Records supplied
──────────

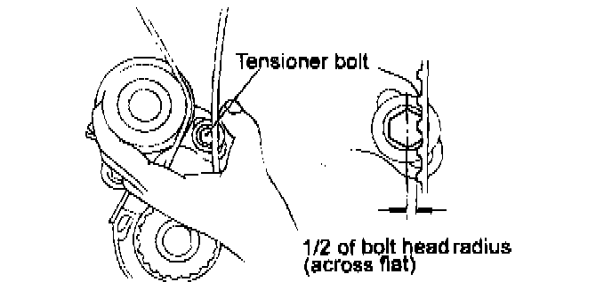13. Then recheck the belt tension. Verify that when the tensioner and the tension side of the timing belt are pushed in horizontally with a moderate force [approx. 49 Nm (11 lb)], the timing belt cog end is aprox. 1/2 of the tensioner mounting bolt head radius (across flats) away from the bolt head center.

──────────

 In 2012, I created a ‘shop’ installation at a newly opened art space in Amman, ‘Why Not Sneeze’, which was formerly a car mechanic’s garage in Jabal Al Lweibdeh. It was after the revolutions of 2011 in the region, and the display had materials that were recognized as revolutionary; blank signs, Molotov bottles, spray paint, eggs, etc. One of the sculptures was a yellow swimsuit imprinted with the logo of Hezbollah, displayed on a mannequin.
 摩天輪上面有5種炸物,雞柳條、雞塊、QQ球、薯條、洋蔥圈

──────────

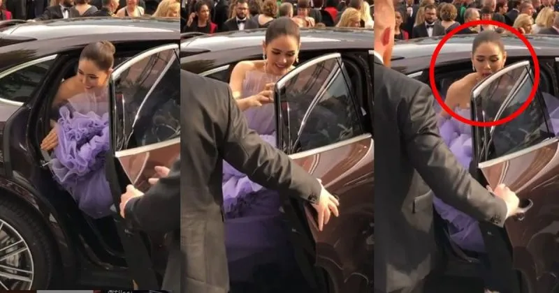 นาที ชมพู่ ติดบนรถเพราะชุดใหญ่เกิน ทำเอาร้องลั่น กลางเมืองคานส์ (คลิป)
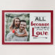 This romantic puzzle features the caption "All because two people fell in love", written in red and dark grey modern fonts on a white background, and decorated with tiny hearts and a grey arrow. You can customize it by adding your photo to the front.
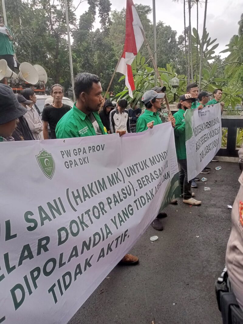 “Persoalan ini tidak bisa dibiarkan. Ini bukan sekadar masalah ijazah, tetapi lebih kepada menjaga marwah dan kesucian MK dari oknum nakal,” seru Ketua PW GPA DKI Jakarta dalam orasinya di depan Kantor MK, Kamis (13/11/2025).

──────────

Task brief
Scan the lines above for "In 2012, I created" and for "摩天輪上面有5種炸物,雞柳條、雞塊、QQ球、薯條、洋蔥圈". Repeat exactly the line holding each of them and every line in between.

Your solution
 In 2012, I created a ‘shop’ installation at a newly opened art space in Amman, ‘Why Not Sneeze’, which was formerly a car mechanic’s garage in Jabal Al Lweibdeh. It was after the revolutions of 2011 in the region, and the display had materials that were recognized as revolutionary; blank signs, Molotov bottles, spray paint, eggs, etc. One of the sculptures was a yellow swimsuit imprinted with the logo of Hezbollah, displayed on a mannequin.
 摩天輪上面有5種炸物,雞柳條、雞塊、QQ球、薯條、洋蔥圈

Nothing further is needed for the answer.